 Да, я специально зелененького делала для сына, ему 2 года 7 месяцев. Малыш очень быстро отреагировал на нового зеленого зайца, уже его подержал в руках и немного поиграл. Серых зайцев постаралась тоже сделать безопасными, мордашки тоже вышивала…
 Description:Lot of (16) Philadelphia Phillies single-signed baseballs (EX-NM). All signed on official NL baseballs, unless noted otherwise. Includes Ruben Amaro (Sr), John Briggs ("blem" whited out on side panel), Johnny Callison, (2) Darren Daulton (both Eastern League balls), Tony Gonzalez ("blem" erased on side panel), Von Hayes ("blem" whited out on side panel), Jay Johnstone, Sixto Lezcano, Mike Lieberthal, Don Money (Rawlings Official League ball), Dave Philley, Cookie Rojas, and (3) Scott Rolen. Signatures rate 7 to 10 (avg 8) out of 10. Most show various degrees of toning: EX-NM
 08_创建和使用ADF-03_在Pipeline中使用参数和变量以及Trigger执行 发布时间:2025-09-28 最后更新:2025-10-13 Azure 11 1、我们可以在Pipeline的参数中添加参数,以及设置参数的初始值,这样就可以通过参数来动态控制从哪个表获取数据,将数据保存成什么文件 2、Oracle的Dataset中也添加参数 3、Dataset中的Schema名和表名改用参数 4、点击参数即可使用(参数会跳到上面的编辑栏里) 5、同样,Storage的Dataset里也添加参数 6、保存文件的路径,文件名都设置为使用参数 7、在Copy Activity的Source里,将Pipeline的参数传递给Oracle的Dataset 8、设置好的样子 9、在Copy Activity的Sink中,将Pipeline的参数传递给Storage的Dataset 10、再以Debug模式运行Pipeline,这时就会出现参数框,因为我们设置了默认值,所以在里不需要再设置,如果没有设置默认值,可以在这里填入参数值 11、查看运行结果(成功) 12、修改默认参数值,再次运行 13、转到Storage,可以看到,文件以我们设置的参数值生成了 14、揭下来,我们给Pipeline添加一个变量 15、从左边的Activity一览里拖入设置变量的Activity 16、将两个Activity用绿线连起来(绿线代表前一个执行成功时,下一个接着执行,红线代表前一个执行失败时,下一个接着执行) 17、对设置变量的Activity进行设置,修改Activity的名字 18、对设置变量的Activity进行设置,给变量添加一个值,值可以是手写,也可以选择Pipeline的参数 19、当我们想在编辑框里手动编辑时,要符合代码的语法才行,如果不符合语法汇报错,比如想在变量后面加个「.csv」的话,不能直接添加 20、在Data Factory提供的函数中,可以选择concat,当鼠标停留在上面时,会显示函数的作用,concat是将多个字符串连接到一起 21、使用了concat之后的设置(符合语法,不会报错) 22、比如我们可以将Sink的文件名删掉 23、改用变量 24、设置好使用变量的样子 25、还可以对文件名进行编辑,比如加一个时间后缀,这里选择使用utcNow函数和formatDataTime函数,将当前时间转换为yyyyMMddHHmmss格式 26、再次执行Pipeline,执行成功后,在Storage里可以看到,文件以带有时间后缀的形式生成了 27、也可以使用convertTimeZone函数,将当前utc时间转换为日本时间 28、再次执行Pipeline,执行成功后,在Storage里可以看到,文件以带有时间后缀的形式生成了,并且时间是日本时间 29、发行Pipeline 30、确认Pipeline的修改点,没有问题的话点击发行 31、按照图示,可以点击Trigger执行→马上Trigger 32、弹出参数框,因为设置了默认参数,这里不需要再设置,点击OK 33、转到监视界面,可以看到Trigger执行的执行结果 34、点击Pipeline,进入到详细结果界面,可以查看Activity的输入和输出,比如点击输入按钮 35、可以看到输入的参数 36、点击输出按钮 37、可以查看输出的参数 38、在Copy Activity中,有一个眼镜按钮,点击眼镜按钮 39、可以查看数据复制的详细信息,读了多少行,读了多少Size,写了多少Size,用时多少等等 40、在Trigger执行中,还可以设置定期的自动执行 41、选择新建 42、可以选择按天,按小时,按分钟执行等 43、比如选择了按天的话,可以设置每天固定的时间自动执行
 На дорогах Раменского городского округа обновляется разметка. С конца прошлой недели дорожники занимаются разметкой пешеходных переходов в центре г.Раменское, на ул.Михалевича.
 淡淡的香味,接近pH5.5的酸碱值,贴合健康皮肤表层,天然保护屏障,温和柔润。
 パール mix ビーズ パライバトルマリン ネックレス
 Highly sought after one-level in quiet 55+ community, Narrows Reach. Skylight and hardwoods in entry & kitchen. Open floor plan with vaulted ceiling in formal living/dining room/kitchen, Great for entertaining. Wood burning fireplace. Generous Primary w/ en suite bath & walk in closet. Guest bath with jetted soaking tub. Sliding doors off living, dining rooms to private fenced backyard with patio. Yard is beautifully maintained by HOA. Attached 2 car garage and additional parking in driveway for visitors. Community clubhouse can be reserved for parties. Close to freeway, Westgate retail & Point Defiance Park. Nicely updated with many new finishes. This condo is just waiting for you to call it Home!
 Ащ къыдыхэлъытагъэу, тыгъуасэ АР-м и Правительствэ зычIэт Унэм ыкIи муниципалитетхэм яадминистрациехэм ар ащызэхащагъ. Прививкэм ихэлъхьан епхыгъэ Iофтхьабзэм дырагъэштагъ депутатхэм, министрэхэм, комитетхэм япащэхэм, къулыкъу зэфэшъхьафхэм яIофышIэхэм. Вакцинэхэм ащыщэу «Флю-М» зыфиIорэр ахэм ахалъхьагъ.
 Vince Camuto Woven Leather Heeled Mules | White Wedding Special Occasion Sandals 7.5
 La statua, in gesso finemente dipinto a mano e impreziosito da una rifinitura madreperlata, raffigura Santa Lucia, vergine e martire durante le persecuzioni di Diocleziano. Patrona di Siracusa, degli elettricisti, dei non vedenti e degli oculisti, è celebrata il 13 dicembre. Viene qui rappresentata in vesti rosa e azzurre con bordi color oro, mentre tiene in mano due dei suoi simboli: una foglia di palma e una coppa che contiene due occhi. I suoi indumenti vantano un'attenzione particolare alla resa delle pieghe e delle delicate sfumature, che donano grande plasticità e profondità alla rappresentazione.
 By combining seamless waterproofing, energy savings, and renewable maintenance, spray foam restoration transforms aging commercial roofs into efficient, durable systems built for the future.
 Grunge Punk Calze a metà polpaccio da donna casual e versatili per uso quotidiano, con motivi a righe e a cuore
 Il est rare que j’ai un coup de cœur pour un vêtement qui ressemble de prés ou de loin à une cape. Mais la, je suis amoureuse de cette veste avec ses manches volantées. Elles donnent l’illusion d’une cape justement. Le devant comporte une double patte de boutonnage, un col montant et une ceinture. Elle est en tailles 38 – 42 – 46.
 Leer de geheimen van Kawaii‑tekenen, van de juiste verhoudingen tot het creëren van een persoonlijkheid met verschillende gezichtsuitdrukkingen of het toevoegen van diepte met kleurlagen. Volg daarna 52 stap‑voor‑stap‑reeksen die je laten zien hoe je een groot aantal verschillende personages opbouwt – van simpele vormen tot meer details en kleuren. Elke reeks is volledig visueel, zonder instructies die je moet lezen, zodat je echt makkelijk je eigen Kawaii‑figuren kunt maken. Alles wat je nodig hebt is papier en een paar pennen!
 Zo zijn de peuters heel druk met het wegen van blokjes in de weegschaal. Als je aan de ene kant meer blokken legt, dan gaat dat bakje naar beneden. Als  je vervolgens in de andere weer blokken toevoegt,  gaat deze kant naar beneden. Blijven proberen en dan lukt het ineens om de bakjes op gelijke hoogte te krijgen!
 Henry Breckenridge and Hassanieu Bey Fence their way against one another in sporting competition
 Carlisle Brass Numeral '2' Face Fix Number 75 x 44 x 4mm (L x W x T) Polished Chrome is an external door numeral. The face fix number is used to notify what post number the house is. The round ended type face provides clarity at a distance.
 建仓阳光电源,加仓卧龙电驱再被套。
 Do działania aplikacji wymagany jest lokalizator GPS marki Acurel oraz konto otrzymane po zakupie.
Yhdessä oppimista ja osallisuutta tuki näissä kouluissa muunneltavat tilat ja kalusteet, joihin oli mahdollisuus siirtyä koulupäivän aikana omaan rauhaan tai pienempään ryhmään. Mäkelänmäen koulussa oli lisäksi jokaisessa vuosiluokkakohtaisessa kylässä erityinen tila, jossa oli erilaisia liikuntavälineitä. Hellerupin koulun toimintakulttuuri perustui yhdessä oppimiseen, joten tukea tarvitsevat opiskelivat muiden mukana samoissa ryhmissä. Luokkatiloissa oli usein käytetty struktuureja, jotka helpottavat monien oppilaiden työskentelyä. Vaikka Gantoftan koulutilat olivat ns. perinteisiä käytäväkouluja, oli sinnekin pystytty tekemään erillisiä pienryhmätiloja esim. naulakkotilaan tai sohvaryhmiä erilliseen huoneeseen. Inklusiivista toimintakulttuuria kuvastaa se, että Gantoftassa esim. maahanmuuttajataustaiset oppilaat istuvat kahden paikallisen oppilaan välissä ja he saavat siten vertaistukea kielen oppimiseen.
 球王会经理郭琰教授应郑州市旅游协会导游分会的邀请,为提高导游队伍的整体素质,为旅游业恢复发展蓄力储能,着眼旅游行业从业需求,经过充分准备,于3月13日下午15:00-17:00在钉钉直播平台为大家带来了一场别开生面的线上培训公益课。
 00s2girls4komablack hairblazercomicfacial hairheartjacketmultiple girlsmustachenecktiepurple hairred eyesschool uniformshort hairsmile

····················

### ACTIVITY
Starting at the line with "球王会经理郭琰教授应郑州市旅", copy every line up to and including the last one in the entries above.

### TASK RESULT
 球王会经理郭琰教授应郑州市旅游协会导游分会的邀请,为提高导游队伍的整体素质,为旅游业恢复发展蓄力储能,着眼旅游行业从业需求,经过充分准备,于3月13日下午15:00-17:00在钉钉直播平台为大家带来了一场别开生面的线上培训公益课。
 00s2girls4komablack hairblazercomicfacial hairheartjacketmultiple girlsmustachenecktiepurple hairred eyesschool uniformshort hairsmile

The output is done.